Comedian Erin Conroy: What A Week

Comedian Erin Conroy

Thursday, August 06, 2009

What A Week

I cannot wait for this week to be over. Not just because my bestie Melissa is coming into NYC for the weekend, but also because it has just been a monster of a week. The one bright spot was the Mets game I attended with some friends on Tuesday. It was a highlight because we had beer and hot dogs and fun, NOT because of the Mets. They stink on ice.

We were sitting in the "Promenade" section at the new Shea Stadium (F- off, Citibank), which is a fancy name for the nosebleeds. You can still see almost the entire field, so they're not bad seats at all. However we were fairly certain that the altitude was getting to us, because the most ridiculous things were appearing hilarious to us. For example, there was an advertisement over center field for a Planter's Peanuts "Nut Bar". I think I blacked out I was laughing so hard.

Also, we were surrounded by a group of fiercely outspoken preteen boys. These young-uns were hollering important advice ("David Wright! Hit a home run!!") as well as ego-shattering taunts ("Throw the ball, don't scratch your balls!"). I felt like we were one poorly-organized chant away from total chaos.

You know who else made me feel old this week? The kid from Best Buy who helped me buy a mouse yesterday. I told him what kind of computer I had, and that I was having some trouble connecting to the internet*, and he nearly threw up all over me with disgust. "Lady! You've gotta UPGRADE! That computer is so oooold. You need to upgrade, seriously Lady.

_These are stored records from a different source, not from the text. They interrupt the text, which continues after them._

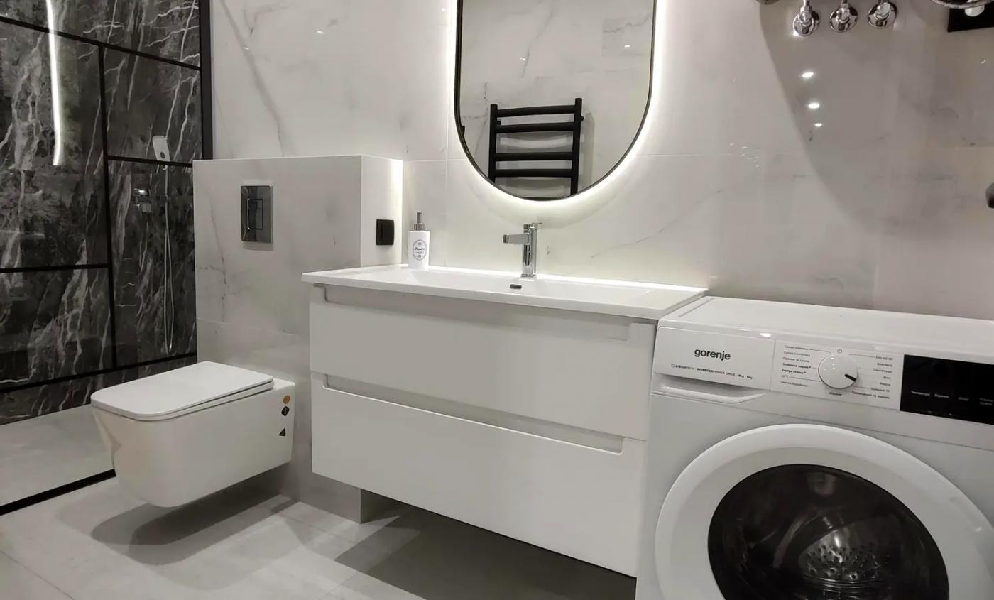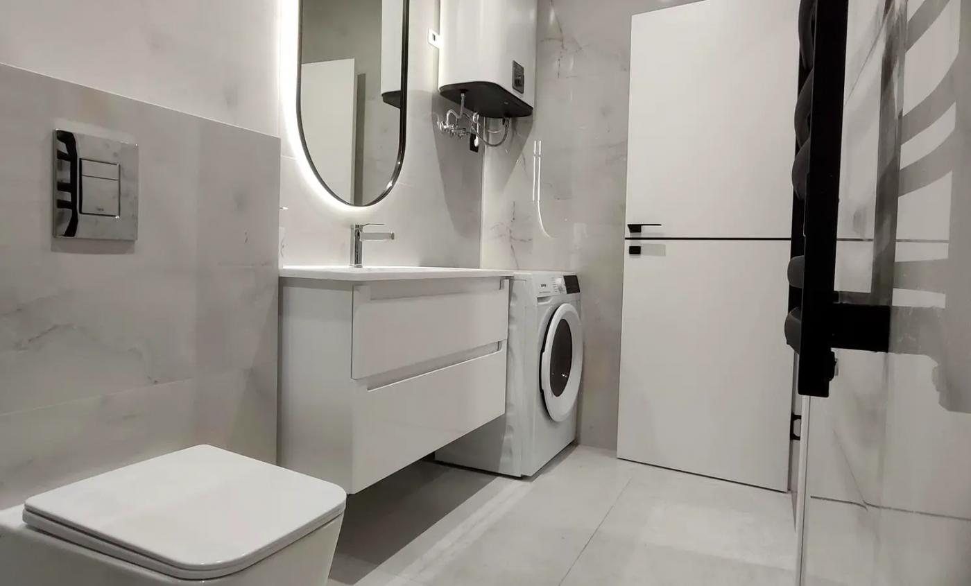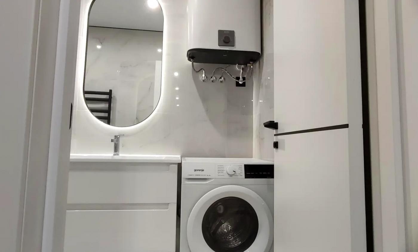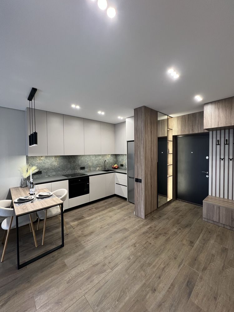 В наявності великий телевізор 50 дюймів, інверторний кондиціонер (тепло/холод), прально-сушильна машина та інша якісна техніка. Меблі — вбудовані, виконані на замовлення.
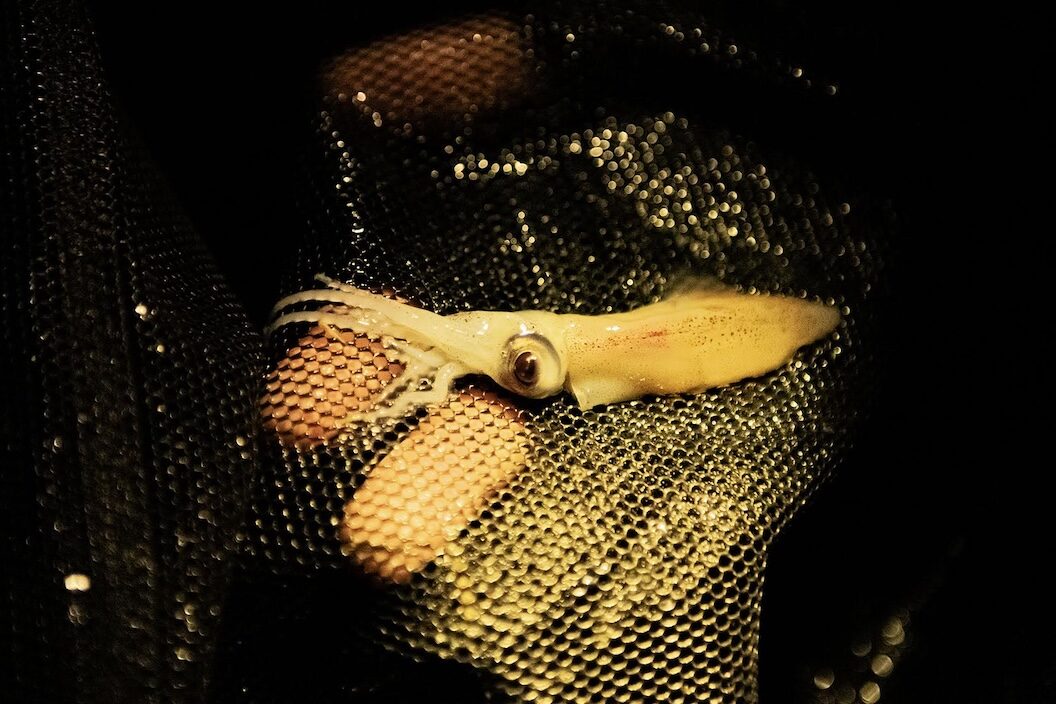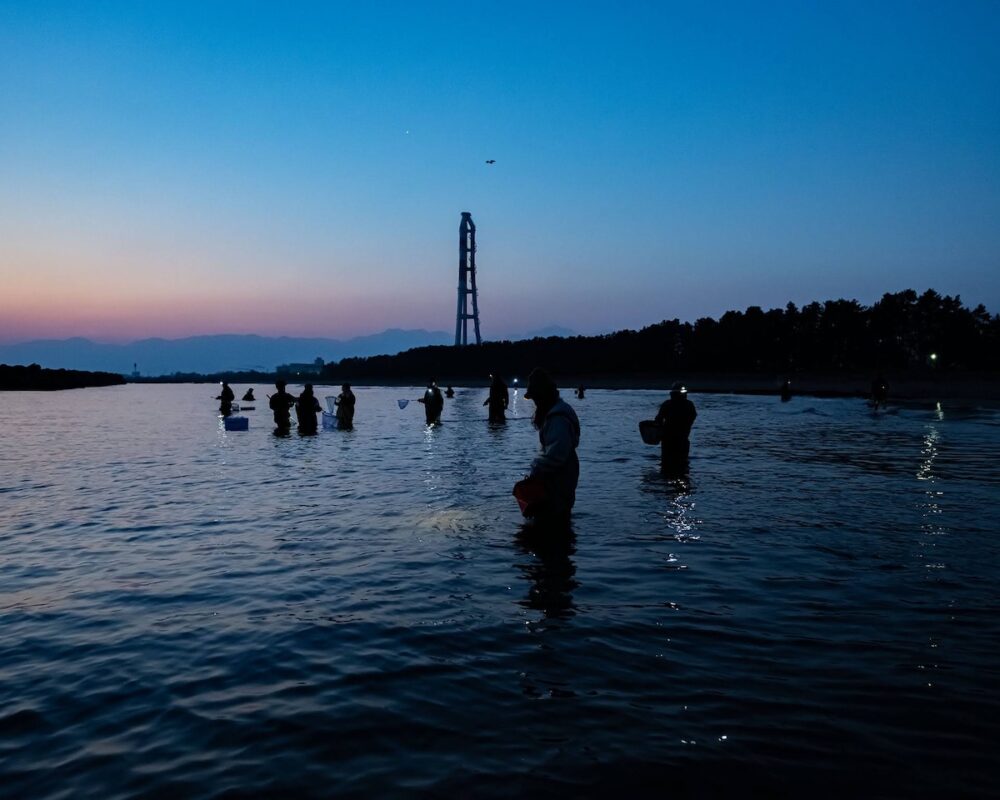 今日は一杯すくえるかどうかも怪しいかもしれない。心が折れないよう、ひたすら海の中を歩き続ける。波の音だけが響き、自分しかいないような不思議な感覚に陥っていく。ふと気づくと空が白み始めていた。釣果はゼロ。こんなもんかと思っていたら、友人がボソリと「ホタルイカ、一匹も見られなかった」。
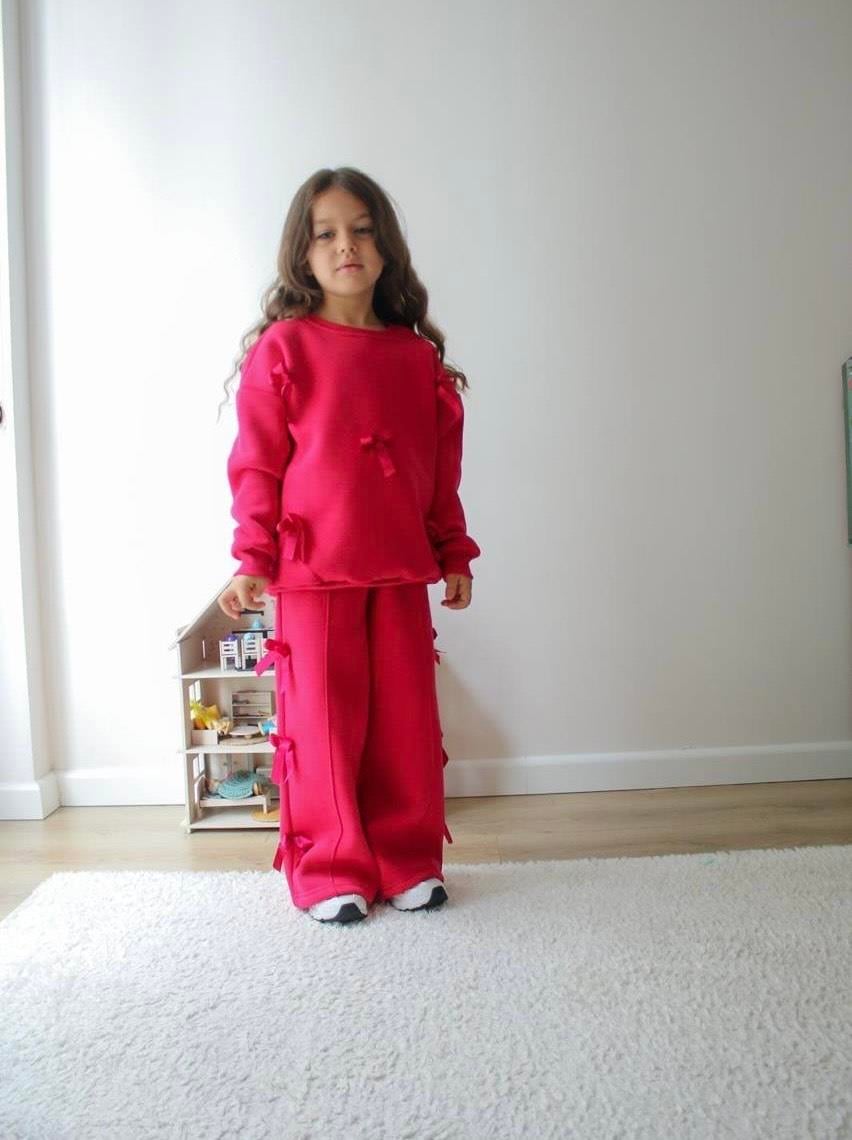 6351 Fiyonk Detaytlı Kız Çocuk Üç İplik Şardonlu Takım-FUŞYA
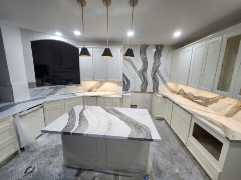 When these details are planned correctly, the countertop becomes more than just a surface; it becomes a key focal point of the kitchen. Thoughtful edge profiles, waterfall designs, and well-placed seams make the space feel intentional and polished. Full-height backsplashes and integrated islands add both function and style, improving usability while elevating the overall design. Together, these elements create a kitchen that’s visually striking, practical, and built to last.
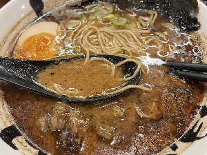 黒マー油が良い風味出してる。熊本ラーメンだから、たむかえサウナ行きたくなっちゃいました。
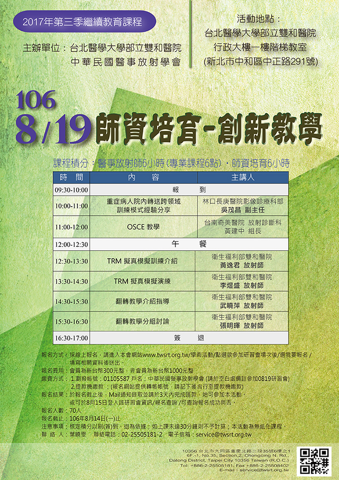 活動地點:台北醫學大學部立雙和醫院行政大樓一樓階梯教室 (新北市中和區中正路291號)
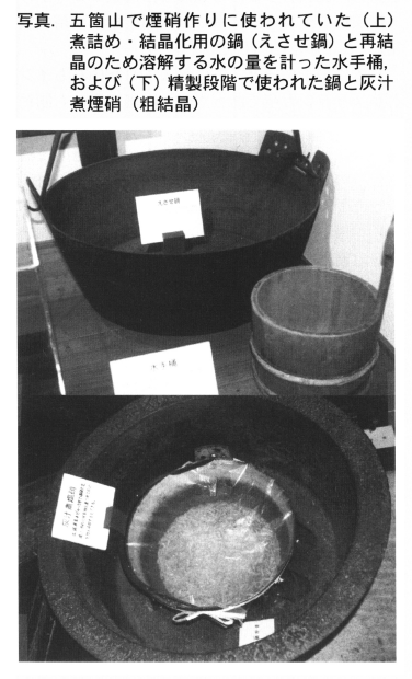 五箇山での作り方は,家の床下,囲炉裏の周りなどに深さ1~2mの穴を掘り,山野草と土を交互に積み重ね,年に3回,野草,カイコのふん,人尿などを加えながら鋤(すき)で上下を切り返すと,5年目から煙硝が採れるようになる。(住居環境は臭気で大変だったろう)。抽出はまず床下の土を土桶に入れ,水を加えて1夜おく。翌朝抜いた水は一番水と呼び,さらに水を加えて二番水を作り,次の抽出に使った。抽出後の残土はまた床下に戻し硝酸化成菌の摂取源とする。一番水は1石(180L)が3升(1升は1.8L)になる(3/100に)まで煮詰め,灰桶の灰(カリウム源)を通し,さらに1升5合まで煮詰める。煮詰めた液を木綿布に通して濾過し,1夜おくと砂のような「灰汁煙硝」が得られる。これを洗浄,再溶解,煮詰め,結晶化を繰り返し,中煙硝,上煙硝と精製してゆく。五箇山で実際に使われたプリミティーブな鍋などの写真をみると,作業した人たちの苦労がしのばれる(写真)。
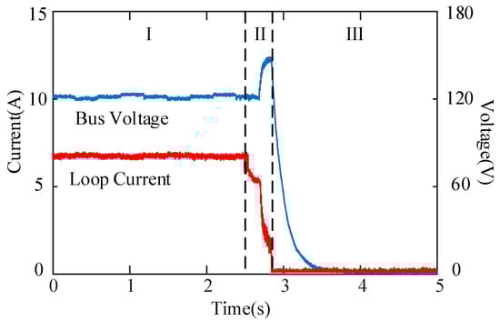 As shown in Figure 10, the bus voltage increases, and the loop current remains unchanged. Stage Ⅰ (0–2.5 s) operates normally, and the bus voltage and loop current oscillate around the MPP. At 2.5 s, the series arc occurs, and the loop current drastically decreases by 1.5 A. In Stage Ⅱ (2.5–2.9 s), the proposed method increases the target voltage of the MPPT algorithm in the next disturbance cycle. The bus voltage increases and the loop current begins to decrease. In Stage Ⅲ (2.9–5 s), the series arc is extinguished when the loop current decreases to 1.5 A, and the position of the series arc opens circuit. Then, the bus voltage and the loop current drop to zero due to the bus link open circuit.

I can't believe you even wanna buy a new mouse for it, it's so old!"...etc. etc. I just stood there, eyes narrowed and imagining what it would be like to murder him and steal his youth to better stymie the crippling effects of age. I don't think I've ever been seriously called "Lady" in my entire life. It's worse than "maam" in my opinion, because it carries with it some very outdated and Southern connotations. Like this Best Buy rep thought I should be in a rocking chair on a porch somewhere talking about my preferred sweet tea recipe and saying "I do declare!" every time a young passerby didn't lift his hat when he walked by.

What's that? Why yes, I do get most of my stereotypes from cartoons.

* Yeah- when I have internet troubles, my first thought is "it must be the mouse". That's how computer-savvy I am. Shut up and eat your sloppy joe.


At 7:36 AM, Blogger Sara said...

Thank you for the Tuesday morning-I'm dreading the department meeting, laugh. This post is awesome!